My approach, rather than by a ‘personal style’, is defined by a working philosophy, based on a constant search for novelty, both aesthetically and functionally. I aim to create a strong identity, and this requires interpreting the sense of history and the direction for the future.
For each project, my design methodology is centred on a holistic approach. I integrate all the distinctive variables, including culture, lifestyle, the city and its environment. These are meaningful elements that inform my design strategy in the quest for relevant solutions, coherent with the environment.
What do you think is the greatest challenge for designing in sustainability?
The main challenge is to be able to create widespread awareness about the inevitability of sustainability. Designing, thinking, producing, managing resources and production process in ‘sustainability mode’ is no longer an option if we want our planet to survive. The environmental and climate crises are just the most visible effects of a worldwide hyperconsumption-driven lifestyle and mass production fuelled by conventional mass-market business strategies.
As a by-product, we are accumulating unmanageable waste, making architecture and spaces that become soon unadaptable and obsolete, therefore producing additional waste, manufacturing unnecessary products and depleting natural resources.
The real challenge is to have new comprehensive legislation and policies adopted in the mass market in every field – not just in the construction industry – to pave the way for eco-friendly production and sustainable consumption models. Proper use of technologies such as AI and strategic design will then concur to produce a new kind of wealth that also targets social health and wellbeing. Again, design will be a strategic and fundamental tool in this journey.
What is your favourite building?
Diversity is actually what I look for. To me, specificity expresses a building’s relevance and its correspondence to particular environmental conditions. I always refer to a place as ‘Genius Loci’, a concept defined first by Cristian Norberg Shultz in his fundamental book about the phenomenology of architecture, which is still very relevant.

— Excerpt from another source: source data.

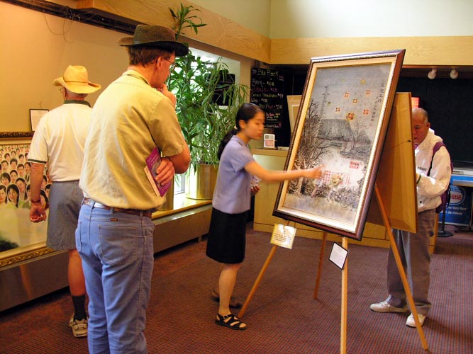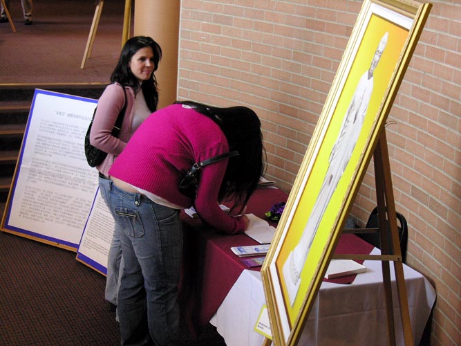 一些大陆来的观众也有缘参观了画展,有的说:我虽然不炼法轮功,但我相信法轮功是好。有的说,我们不相信国内媒体的宣传,比如“天安门自焚”,一看就是假的。并就他们不太理解的、或受造谣媒体误导的问题询问了法轮功学员。得到了圆满的解答后,连声说“谢谢你们。”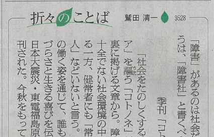 2025年11月24日、25日の2回にわたって、朝日新聞「折々のことば」で、『コトノネ』56号の一節をご紹介いただきました。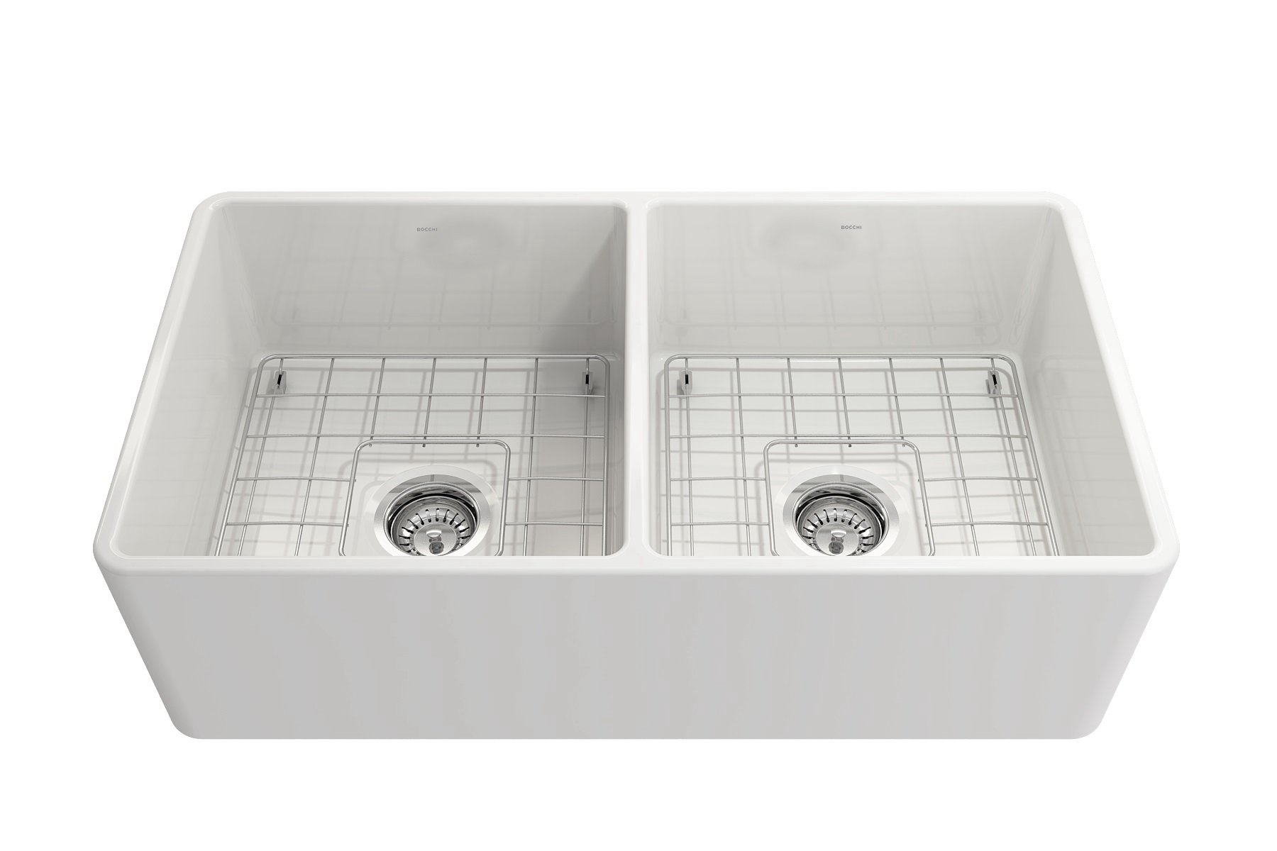 BOCCHI Farmhouse Sinks bring back the ultimate material to your kitchen. Fireclay, a 100% natural organic and recyclable material used by craftsman for centuries to create timeless appliances has now returned to your kitchen. With the firing in our kilns up to 2000°F temperatures, Fireclay becomes the most durable material used in today's kitchens. Thus, dealing with extreme heat coming from pots and pans is definitely not a problem. Due to their special glaze coating fused with the fireclay body, our sinks have a non-porous, uniform, scratch and stain resistant surface. With its protective bottom grid and distinctive looks, BOCCHI Farmhouse Sinks are truly crafted to match your design and functional desires.

I am particularly fond of architecture that is able to provide sensory and emotional experiences. What I look for is authenticity, the interplay of natural materials, a great level of customisation and detailing as well as unusual and innovative solutions, solved with simplicity and understatement. Some examples are the works from Renzo Piano (Parliament of Malta), Rafael Moneo, Eduardo Souto De Moura, Peter Zhumtor, Alvaro Siza, Carlo Scarpa and Chinese Architect, Wang Shu (Ningbo History Museum).
What can we expect to see from you over the next year?
The full completion of a second retail building (140,000m2), part of the Shanghai Grand Gateway 66 mixed-use development – which, as the design architect and interior designer, we have developed renovation projects for both the north and south retail buildings.
As China is progressing ahead in its phase of recovery from COVID-19, we also expect to be able to deepen the conversations for projects in commercial and retail fields.